Jean-Jacques Beineix liefert fünf Jahre nach seinem gefeierten Debüt "Diva" einen für 1986  nicht ganz unumstrittenen Film ab. "Betty Blue: 37,2 Grad am Morgen" ist ein Film, der etwas in seinem Zuschauer auslösen kann, nur weil das Verhalten der von Béatrice Dalle so authentisch belebten weiblichen Hauptfigur so anders ist. Sie beherrscht sich nicht und ist damit dampfend vor sexueller Betörung Antrieb des bitteren Zerfalls einer kurzlebigen Synthese vor wechselnden, artifiziellen Motiven. Die Darstellung einer sehr komplexen Persönlichkeit, eben dieser Betty, weckt von Beginn an das Interesse des Zuschauers. Sie ist sehr sexy und überhaupt nicht angepasst, neigt zu Gewalttätigkeit und bleibt sich dabei immer treu. Und ist verliebt bis über beide Ohren. Und wie man rasch bemerkt, kann die absolute Liebe zu Zorg (Jean-Hugues Anglade) sie in den Wahnsinn treiben. Aber weil es absolute Liebe ist, bedeutet der Wahnsinn eben nicht das Ende.

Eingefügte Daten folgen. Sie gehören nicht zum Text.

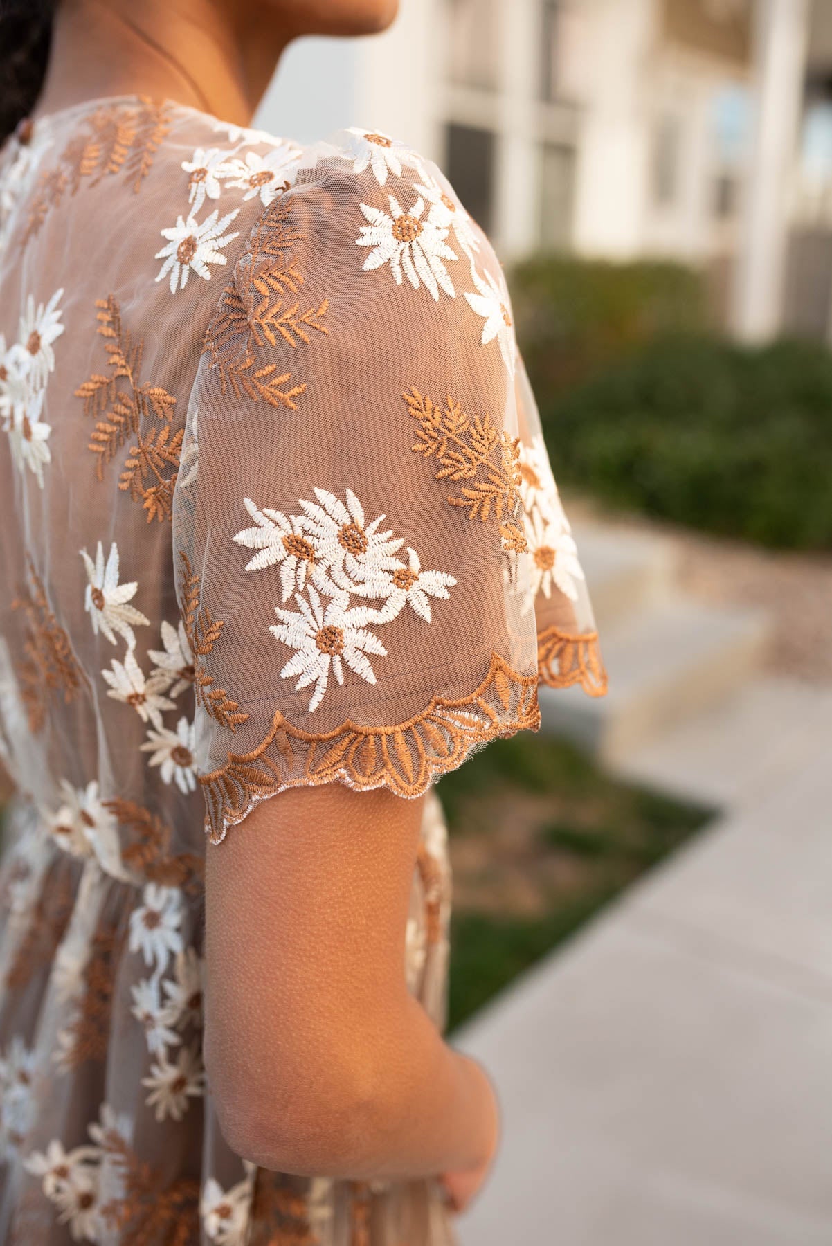 - Incredible white and golden-brown embroidered floral overlay
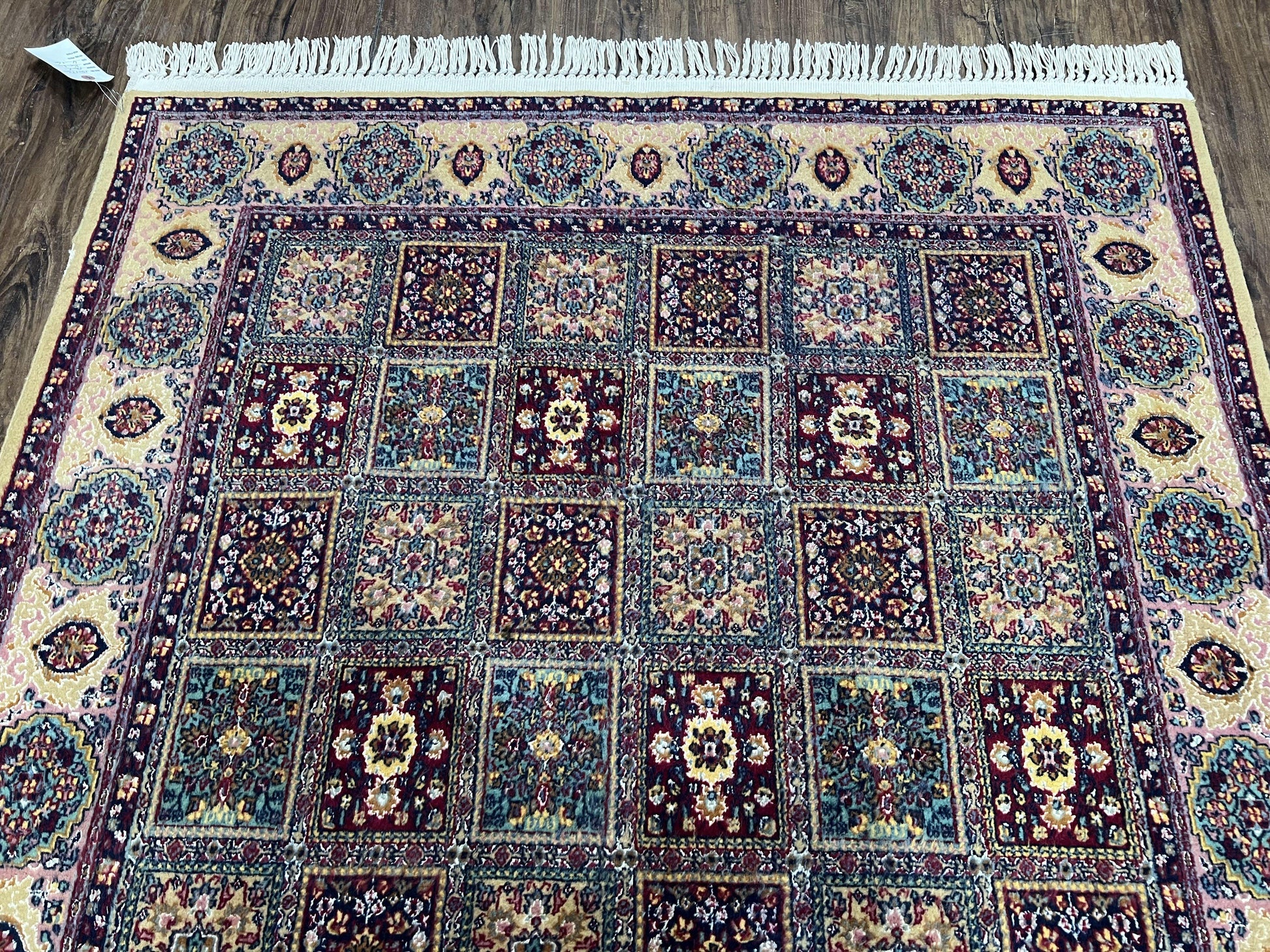 Indo Persian Silk Rug 4x6, Panel Design, Small Flowers, Hand Knotted, Fine Weave, Oriental Carpet 4 x 6, Vintage Area Rug, Beautiful Rug
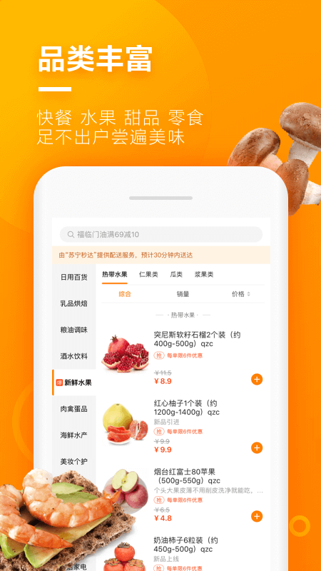 足不出户吃遍周边,一小时极速送达!我们提供生鲜水果、零食饮料、早餐便当、美食外卖、生活服务,新鲜生活送到家!新用户注册即送超值优惠券,嗨购全场。苏宁小店app是一款便捷的社区O2O便利店服务平台,为用户提供便捷的生鲜零售商品购买,用户通过平台可以下单购买各种商品,1小时上门送货,还有便捷的快递代收、家庭理财服务,每一样商品都经过重重选择,保证质量。最有效的团队为您服务,下单后1小时内保证送达,需要的用户就快下载吧!
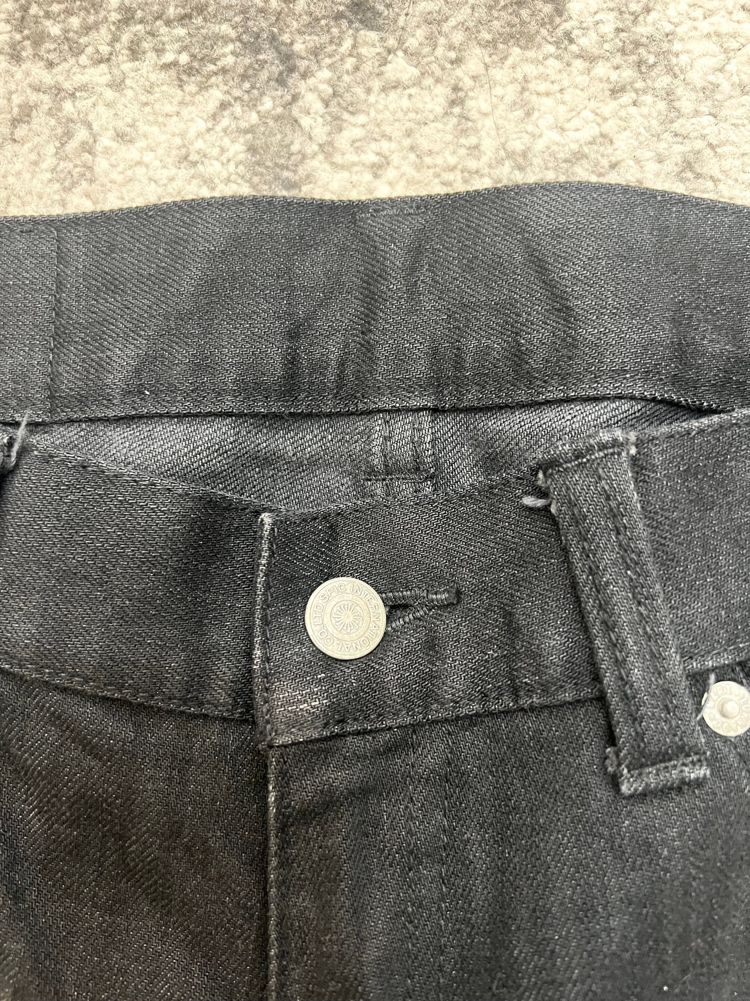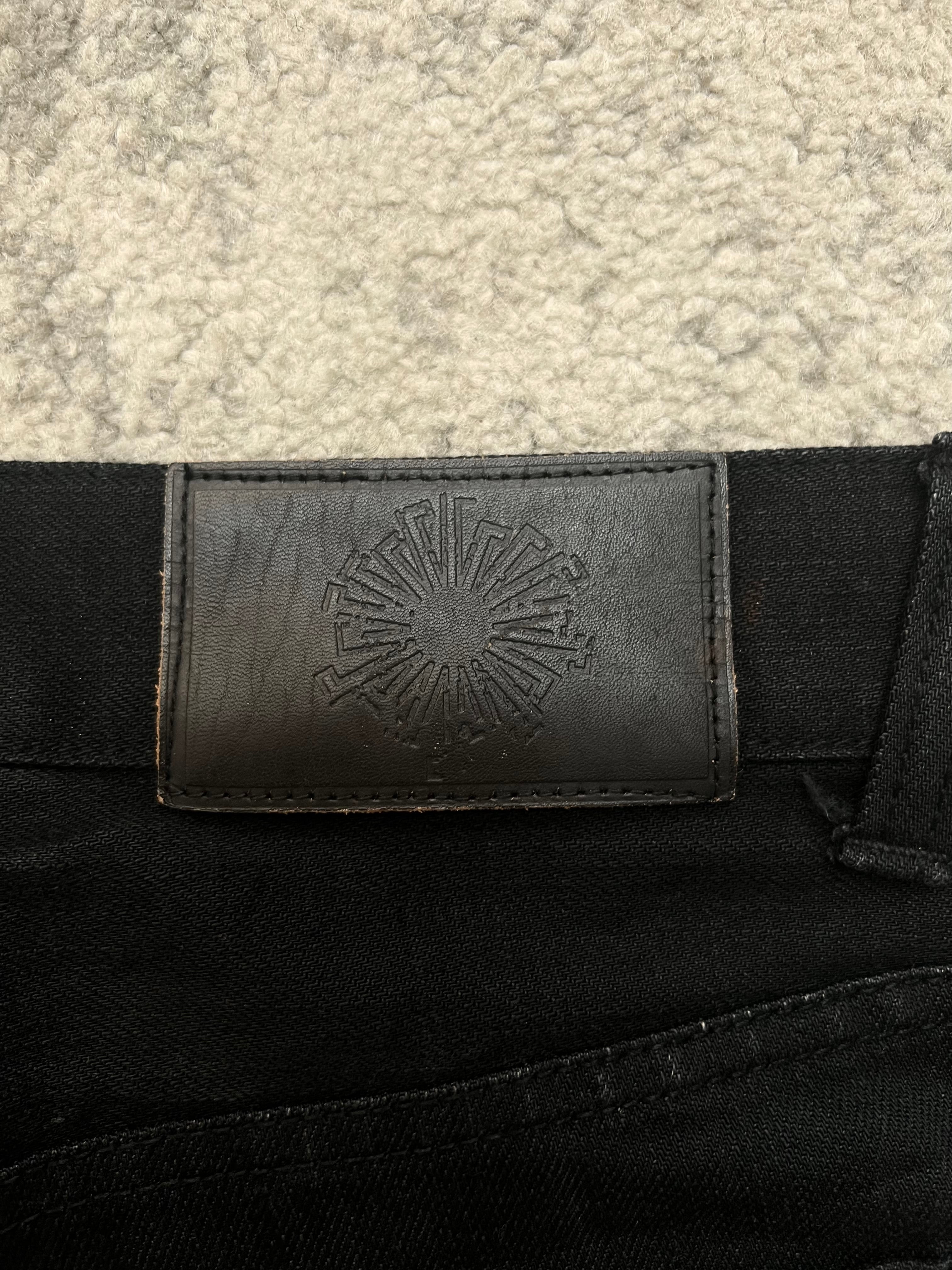 Mid-rise, slim thigh with a slight flare. Long inseam perfect for stacked silhouettes. Think Visual Kei meets underworld street racer.

Zu großen Teilen wird die Geschichte von Zorg aus dem Off erzählt. Zu Beginn hat er gerade die junge Betty kennengelernt und schon jetzt besteht ihr gemeinsames Leben zu großen Teilen aus zärtlicher Zweisamkeit, bei deren Darstellung sich der Film auch nie zurücknimmt. Die langsame, im Director's Cut über 180 Minuten lange Geschichte lebt zu großen Teilen von der gelungenen Chemie der beiden Hauptdarsteller, die über weite Strecken gemeinsam agieren und ein Gefühl von leichtlebiger Ungehemmtheit auf den Zuschauer übertragen. Auch wenn inhaltlich nicht sonderlich viel passiert, schaffen es die beiden Figuren den Betrachter mit ihren ehrlichen Emotionen bei der Stange zu halten. Überhaupt lebt "Betty Blue: 37.2 Grad am Morgen" nicht von der zugegeben sehr minimalistischen Geschichte, sondern von der völlig eigensinnigen und gerade deswegen fesselnden Stimmung, die der Film ausstrahlt. Und dann gibt es in diesem Drama auch noch jene Szenen, in denen man sogar schmunzeln kann, weil sie herrlich skurril und abgehoben sind.

Die grandiose Kameraarbeit unterstützt dies alles enorm. Sonnengeflutete Bilder voller lebensbejahender Helligkeit stehen spärlich beleuchteten Wohnungsaufnahmen voll mit angestauten Emotionen gegenüber. Obwohl den Titelfiguren wenig gelingt was sie anpacken, scheinen sie ihre Lebensfreude nie zu verlieren. Sie haben sich selbst und das scheint ihnen zu reichen. Bis kurz vor Schluss, denn dann bricht der Film plötzlich und bewegt sich in ein völlig anderes Terrain. Dahin sind urplötzlich die leichtfüßige Art und die eigensinnige Stimmung. Das Ende ist tatsächlich ein harter Bruch, jedoch fragt man sich unwillkürlich wie der Film auch anders hätte enden können wenn nicht so? Denn das Ende bereitet erneut der Mensch und kann sich doch nicht ganz befreien.

8/10

Von CAPELIGHT PICTURES kam der Film als Erstauflage im limitierten Mediabook. Dieses enthält erstmals in Deutschland den Director's Cut in HD.